_DATA RECORDS:_
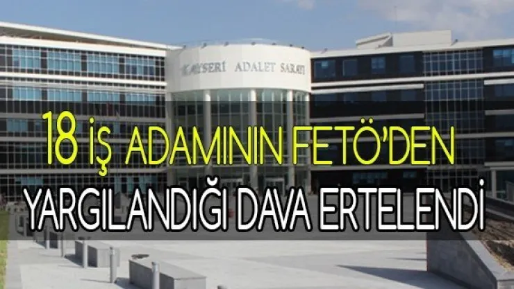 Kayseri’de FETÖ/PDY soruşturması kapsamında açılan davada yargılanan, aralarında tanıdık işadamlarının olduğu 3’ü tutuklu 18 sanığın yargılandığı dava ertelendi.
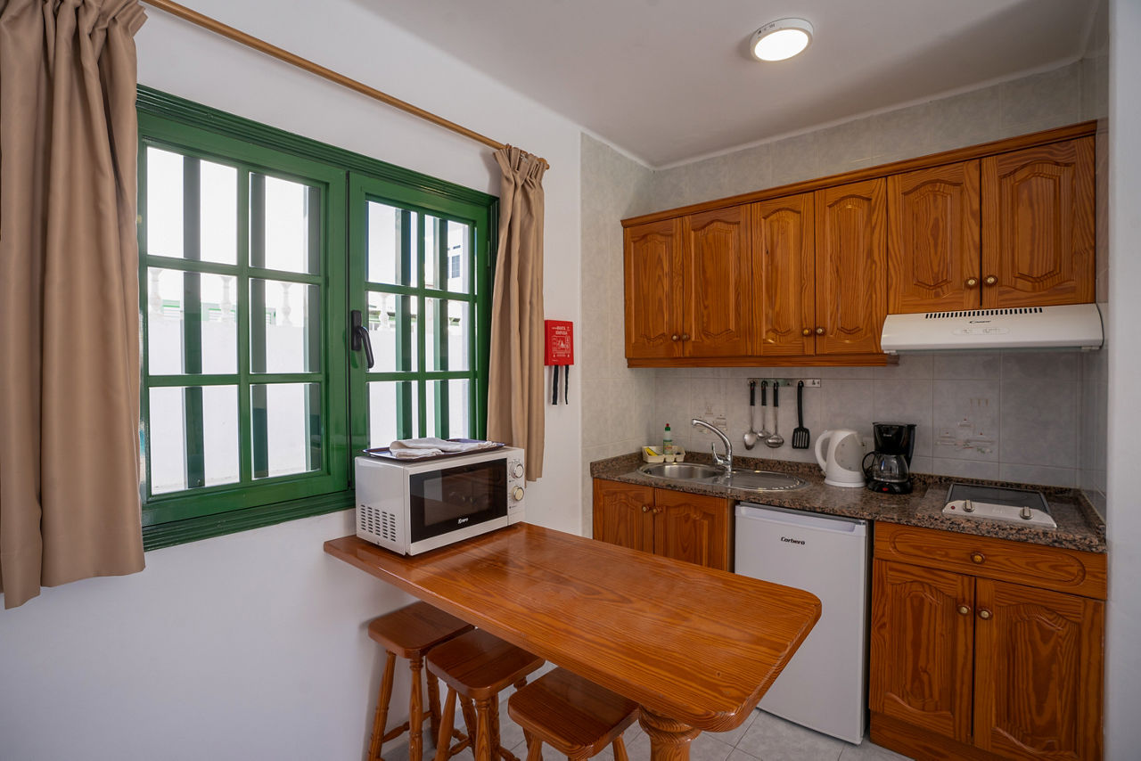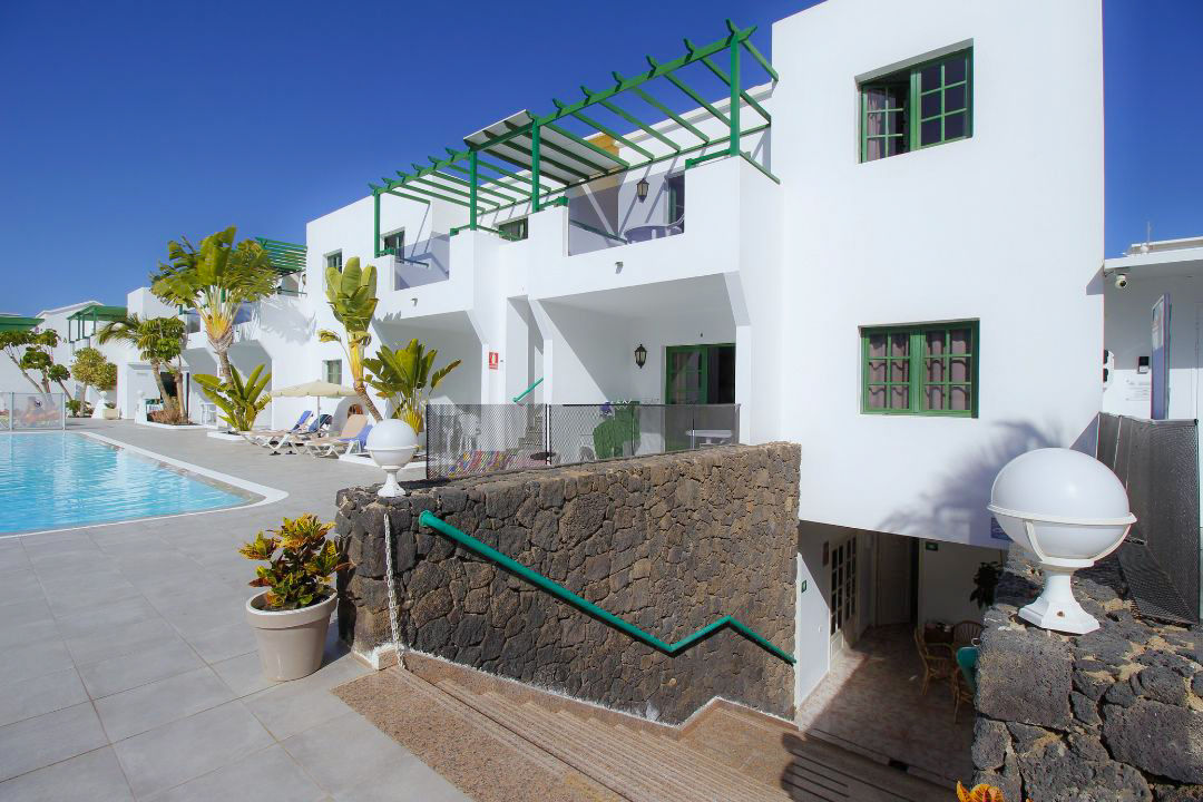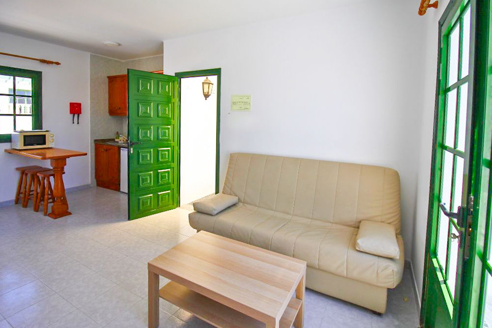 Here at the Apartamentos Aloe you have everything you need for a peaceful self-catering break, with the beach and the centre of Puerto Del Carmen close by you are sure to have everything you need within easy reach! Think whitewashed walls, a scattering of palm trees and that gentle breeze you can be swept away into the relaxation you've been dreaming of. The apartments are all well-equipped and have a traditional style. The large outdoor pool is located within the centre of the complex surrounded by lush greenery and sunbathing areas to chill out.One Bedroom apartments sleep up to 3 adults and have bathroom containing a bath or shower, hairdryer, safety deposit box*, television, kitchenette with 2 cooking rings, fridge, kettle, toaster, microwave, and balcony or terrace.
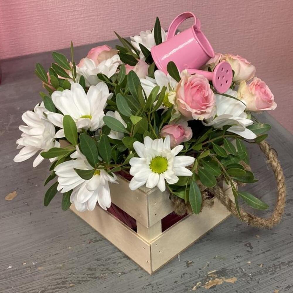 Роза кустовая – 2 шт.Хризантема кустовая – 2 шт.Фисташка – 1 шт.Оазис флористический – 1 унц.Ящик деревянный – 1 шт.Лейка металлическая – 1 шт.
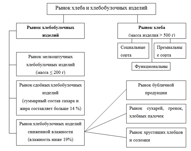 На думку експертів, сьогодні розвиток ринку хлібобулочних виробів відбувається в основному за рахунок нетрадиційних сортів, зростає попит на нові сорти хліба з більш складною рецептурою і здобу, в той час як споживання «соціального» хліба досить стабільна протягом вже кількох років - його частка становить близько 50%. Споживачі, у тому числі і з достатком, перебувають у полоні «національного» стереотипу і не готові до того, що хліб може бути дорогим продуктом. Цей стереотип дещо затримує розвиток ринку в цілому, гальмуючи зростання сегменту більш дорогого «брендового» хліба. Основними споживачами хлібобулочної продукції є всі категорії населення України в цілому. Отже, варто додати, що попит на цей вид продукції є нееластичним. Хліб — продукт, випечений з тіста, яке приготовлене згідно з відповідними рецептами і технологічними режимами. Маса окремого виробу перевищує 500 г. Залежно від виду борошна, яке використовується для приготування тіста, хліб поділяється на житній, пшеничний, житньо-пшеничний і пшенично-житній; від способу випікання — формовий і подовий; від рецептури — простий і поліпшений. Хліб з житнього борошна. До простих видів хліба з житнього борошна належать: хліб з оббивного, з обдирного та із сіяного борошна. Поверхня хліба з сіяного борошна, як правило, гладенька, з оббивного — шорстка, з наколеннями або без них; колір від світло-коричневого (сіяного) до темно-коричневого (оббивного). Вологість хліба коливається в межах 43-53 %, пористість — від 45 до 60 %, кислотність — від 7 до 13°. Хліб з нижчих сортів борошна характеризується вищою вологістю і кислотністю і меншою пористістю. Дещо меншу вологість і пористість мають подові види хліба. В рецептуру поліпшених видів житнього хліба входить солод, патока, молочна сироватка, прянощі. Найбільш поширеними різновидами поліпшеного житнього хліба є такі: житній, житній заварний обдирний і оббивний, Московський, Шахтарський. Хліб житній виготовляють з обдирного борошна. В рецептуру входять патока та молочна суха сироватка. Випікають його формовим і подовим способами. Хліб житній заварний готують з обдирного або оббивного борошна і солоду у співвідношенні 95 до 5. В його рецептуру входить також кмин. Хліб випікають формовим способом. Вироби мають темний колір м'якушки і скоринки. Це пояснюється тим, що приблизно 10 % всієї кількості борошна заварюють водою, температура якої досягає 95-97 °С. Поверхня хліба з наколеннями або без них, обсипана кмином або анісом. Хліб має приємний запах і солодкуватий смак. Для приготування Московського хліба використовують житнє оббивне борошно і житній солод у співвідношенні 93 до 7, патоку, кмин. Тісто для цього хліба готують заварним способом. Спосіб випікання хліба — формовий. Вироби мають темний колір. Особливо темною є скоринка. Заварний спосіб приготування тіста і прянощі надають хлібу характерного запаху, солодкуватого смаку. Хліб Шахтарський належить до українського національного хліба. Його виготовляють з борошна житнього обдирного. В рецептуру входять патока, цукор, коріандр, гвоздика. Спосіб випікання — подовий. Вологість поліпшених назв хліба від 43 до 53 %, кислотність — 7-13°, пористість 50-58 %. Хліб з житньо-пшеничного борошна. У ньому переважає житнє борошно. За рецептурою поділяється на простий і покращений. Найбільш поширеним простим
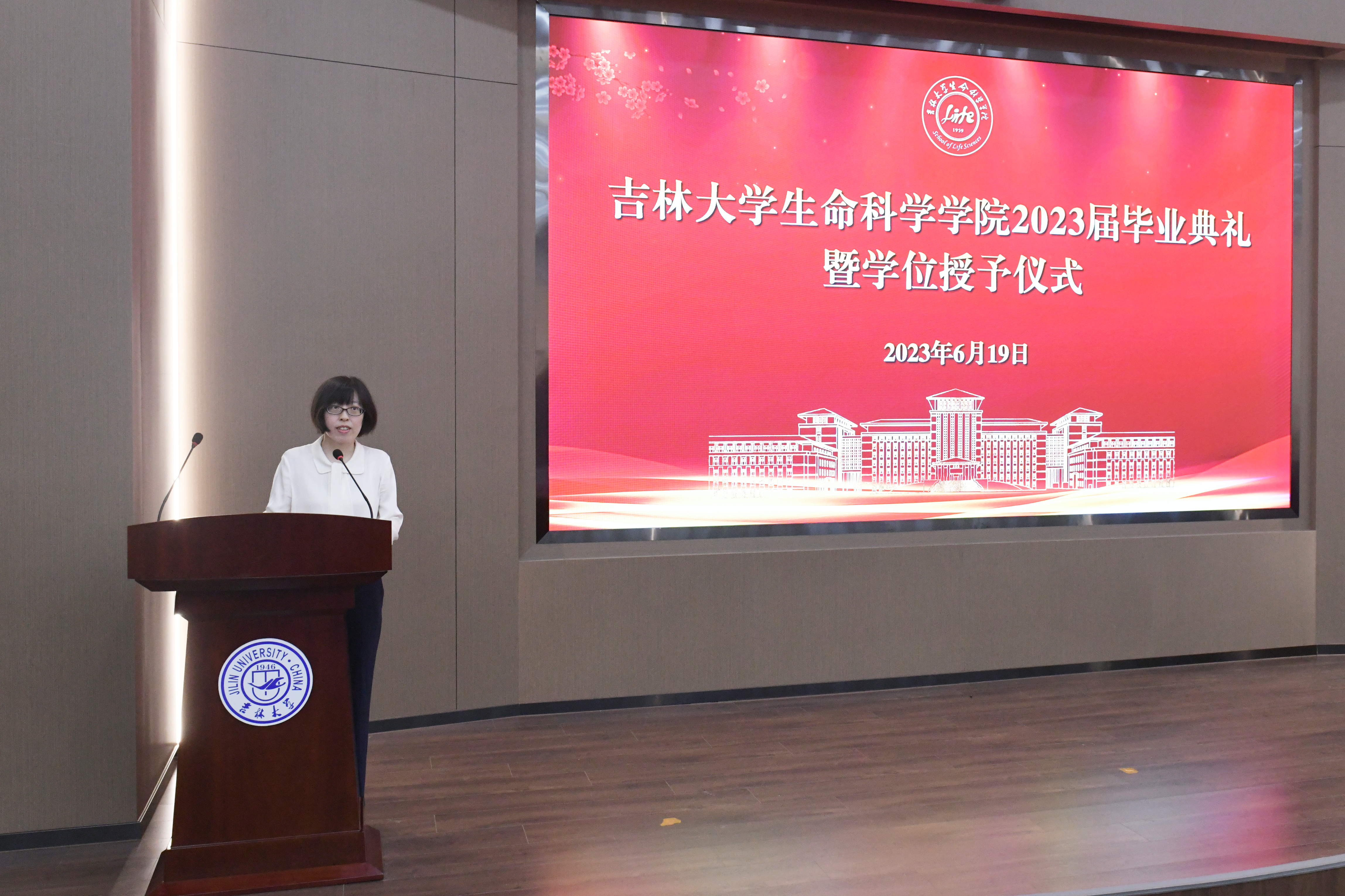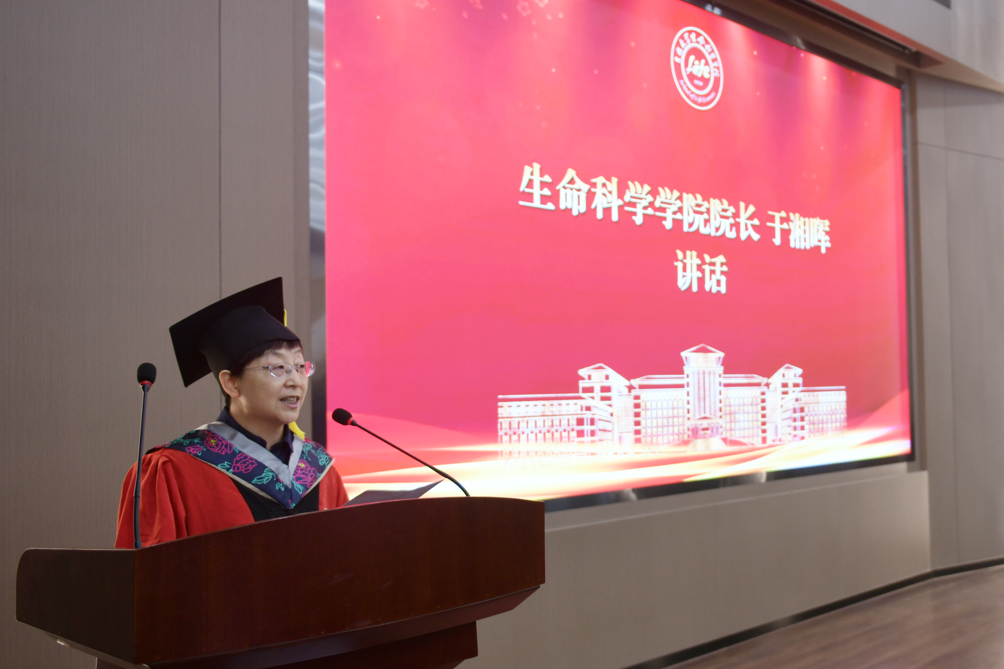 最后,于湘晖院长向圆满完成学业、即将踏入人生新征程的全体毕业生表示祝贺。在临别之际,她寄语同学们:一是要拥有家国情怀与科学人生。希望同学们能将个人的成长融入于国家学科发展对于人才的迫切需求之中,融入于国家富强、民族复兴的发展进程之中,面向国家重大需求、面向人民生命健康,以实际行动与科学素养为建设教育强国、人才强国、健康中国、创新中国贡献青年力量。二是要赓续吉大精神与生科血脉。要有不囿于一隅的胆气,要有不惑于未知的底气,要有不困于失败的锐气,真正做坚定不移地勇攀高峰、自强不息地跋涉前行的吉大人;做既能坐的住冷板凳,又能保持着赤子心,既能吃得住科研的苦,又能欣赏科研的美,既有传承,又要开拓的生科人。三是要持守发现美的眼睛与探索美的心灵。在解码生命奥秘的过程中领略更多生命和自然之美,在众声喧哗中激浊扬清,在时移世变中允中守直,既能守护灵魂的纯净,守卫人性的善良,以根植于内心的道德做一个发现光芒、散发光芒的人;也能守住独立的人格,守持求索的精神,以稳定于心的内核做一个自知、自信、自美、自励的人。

_TASK INSTRUCTIONS:_
An exact copy of the lines above, from the first through the line that holds "Роза кустовая –", is what is needed; leave the pictures out.

_ANSWER TO THIS EXERCISE:_
 Kayseri’de FETÖ/PDY soruşturması kapsamında açılan davada yargılanan, aralarında tanıdık işadamlarının olduğu 3’ü tutuklu 18 sanığın yargılandığı dava ertelendi.
 Here at the Apartamentos Aloe you have everything you need for a peaceful self-catering break, with the beach and the centre of Puerto Del Carmen close by you are sure to have everything you need within easy reach! Think whitewashed walls, a scattering of palm trees and that gentle breeze you can be swept away into the relaxation you've been dreaming of. The apartments are all well-equipped and have a traditional style. The large outdoor pool is located within the centre of the complex surrounded by lush greenery and sunbathing areas to chill out.One Bedroom apartments sleep up to 3 adults and have bathroom containing a bath or shower, hairdryer, safety deposit box*, television, kitchenette with 2 cooking rings, fridge, kettle, toaster, microwave, and balcony or terrace.
 Роза кустовая – 2 шт.Хризантема кустовая – 2 шт.Фисташка – 1 шт.Оазис флористический – 1 унц.Ящик деревянный – 1 шт.Лейка металлическая – 1 шт.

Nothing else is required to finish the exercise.